Shares in Metro AG surged on Wednesday after the German retailer said it was planning to split into two independent and sector-focused companies through a demerger of the group.

Metro said it would create a wholesale and food specialist group and a consumer electronics products and services group. Both entities would be individually stock listed with their own distinct profile, management and supervisory boards.

The retailer said giving each company’s management full control over corporate strategies would further increase customer focus, accelerate growth of the businesses, simplify structures and improve time-to-market and operational excellence.

In addition, the demerger – the implementation of which is expected in mid-2017 – would mean both entities would be able to independently pursue acquisition and partnership strategies.

Chief executive officer Olaf Koch said: “Both our Wholesale and Food Specialist business as well as our Consumer Electronics business have continued to commercially improve, are on a steady successful path and are best-equipped for an independent future.

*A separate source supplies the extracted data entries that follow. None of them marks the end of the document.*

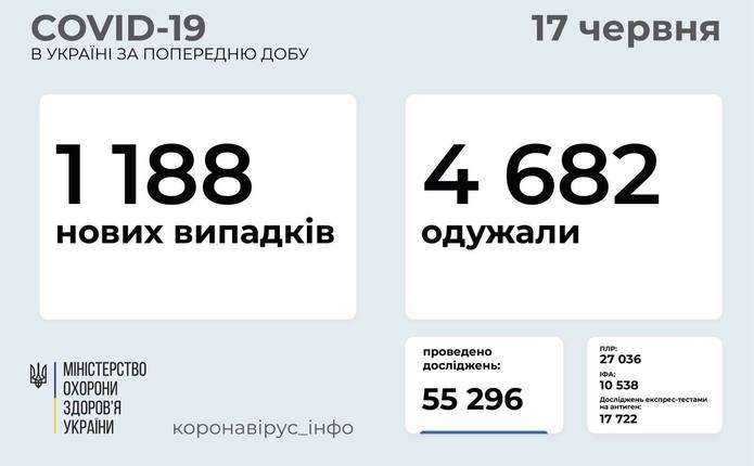 1 188 нових випадків коронавірусної хвороби COVID-19 зафіксовано в Україні станом на 17 червня 2021 року. Зокрема, захворіли 62 дитини та 6 медичних працівників. Про це інформує телеграм-канал Коронавірус Інфо.
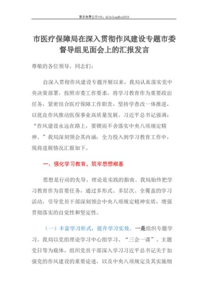 【七哥公文】2025年:【七哥公文】市医疗保障局在深入贯彻作风建设专题市委督导组见面会上的汇报发言+更多免费公文+VX:QiGeGongWen2024+更多免费公文+VX:QiGeGongWen2024
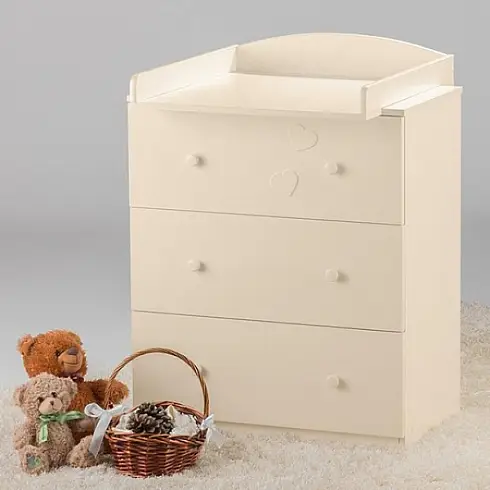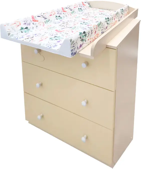Все материалы, применяемые при изготовлении – экологически чистые и гипоаллергенные. Комод имеет 3 больших выдвижных ящика на прочных направляющих. Оборудован съёмной пеленальной доской с защитными бортиками. Когда ребёнок вырастёт, пеленальный комод не потеряет своей актуальности среди мебели детской комнаты – он легко трансформирует в обычный комод для одежды и прочих вещей.
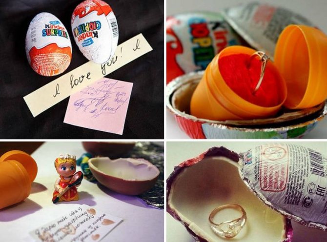 Нередко мужчины задумываются как эффектно и небанально преподнести колечко в подарок. Все девушки любят романтику, поэтому дарить его лучше в непринуждённой и расслабляющей обстановке, например, во время морского путешествия, на фоне морского заката, во время ужина в ресторане. Кольцо можно спрятать в букете, но убедиться, что девушка кольцо нашла. Не желательно подкладывать кольцо в десерты и напитки, с целью убирания ситуации, когда девушка может проглотить это кольцо. Кольцо можно подарить как угодно и любым способом, главное, чтобы это было искренне и от души.
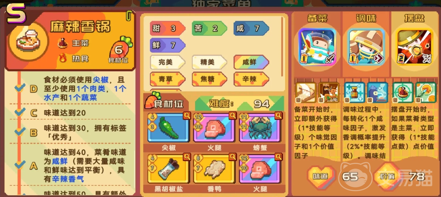 第四个S级的菜品是麻辣香锅,需要用到的食材是尖椒、肉类、水产类和蔬菜,这个菜品一共是有六个食材位的,除了前面这四种必须用到的食材之外还可以加入其他的食材。
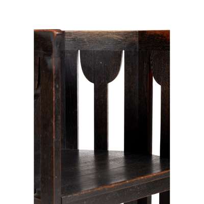 of panelled structure, with pierced and lobed backs and legs, terminating in horizontal uprights and enclosing a plain seat
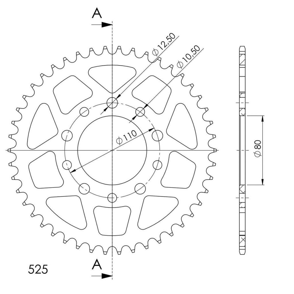 Hliníková řetězová rozeta SUPERSPROX RAL-1332:46-BLK černý 46 zubů, 525
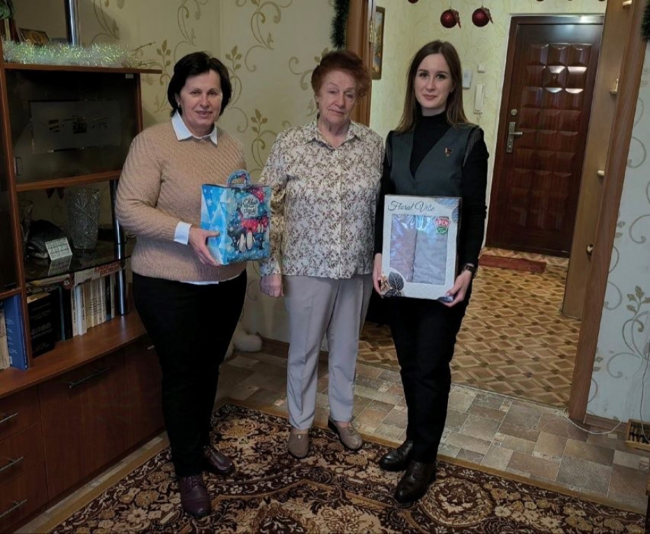 В рамках акции «От всей души» первый секретарь райкома БРСМ Екатерина Сорока и заместитель по идеологической работе КУП «ЖРЭС Сморгонского района» Елена Николайчик поздравили с новогодними праздниками инвалида детства, члена семьи, погибшего в годы Великой Отечественной войны, Лилию Дубинову. Гости пожелали Лилии Викторовне крепкого здоровья и мирного неба над головой, поинтересовались житейскими проблемами.
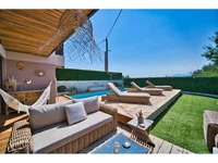 ASPROMONT/GAIRAUT Superb ultra contemporary semi-detached villa of 150 m² built in 2021 with very refined quality services. An environment of absolute calm, decoration in bohemian style. Large living room with an American kitchen 75 M2 with fireplace, all rooms give access to the terraces and the south-facing swimming pool. Upstairs, 3 bedrooms with exteriors, 2 bathrooms, dressing rooms, cupboards. Full-storey cellar, a garage and 2 parking spaces. 15 minutes from Nice city center!
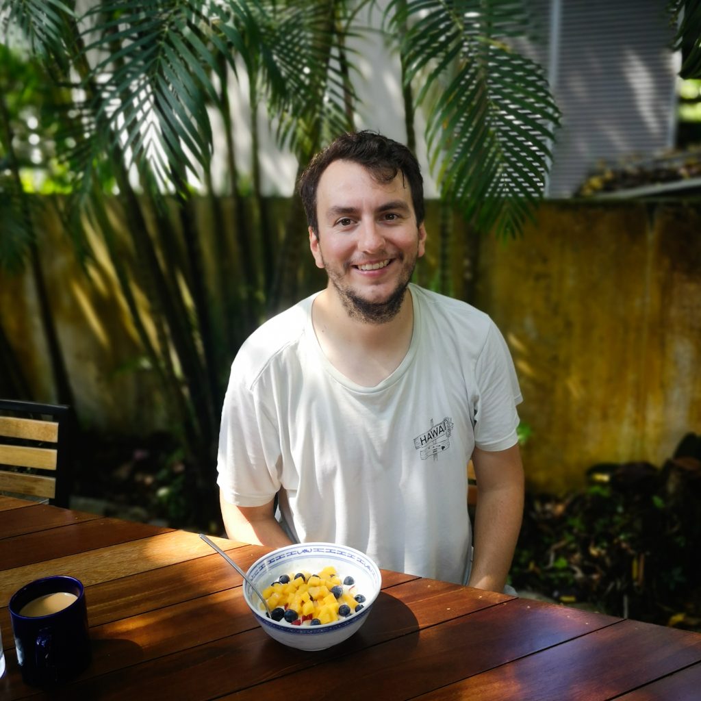 Zu Fuß machen wir uns mit den Rücksäcken auf den Weg zu unserem temporären Zuhause. Als wir nach ca. 20 Minuten ankommen, sind wir beide nassgeschwitzt. Es fühlt sich noch etwas komisch und ungewohnt an. Es ist halt doch etwas anderes in einem anderen „Zuhause“ zu sein und in der Küche erstmal alle Schubladen zu öffnen. Was macht man da am besten? Erstmal einen Kaffee trinken und Frühstücken. Tora ist nämlich außer Haus, jeden Vormittag treibt sie sich nach dem Frühstück in ihrer Hood herum. Anushia und Daniel haben uns Sauerteigbrot und Käse hinterlassen – ein Traum 😊 dazu machen wir uns noch etwas Joghurt mit Obst und machen es uns auf der Terrasse bequem.

“Our shareholders would effectively own two well positioned market leaders, both of whom are increasingly focusing on their respective business areas and are generating more value for customers, employees and business partners."

The demerger would be executed through a spin-off of Metro Cash and Carry, Real and other related businesses and services companies from current Metro AG, which would subsequently fully focus on the consumer electronics sector under a new company name.

At 0906 GMT, Metro shares were up 7.1% to €26.32.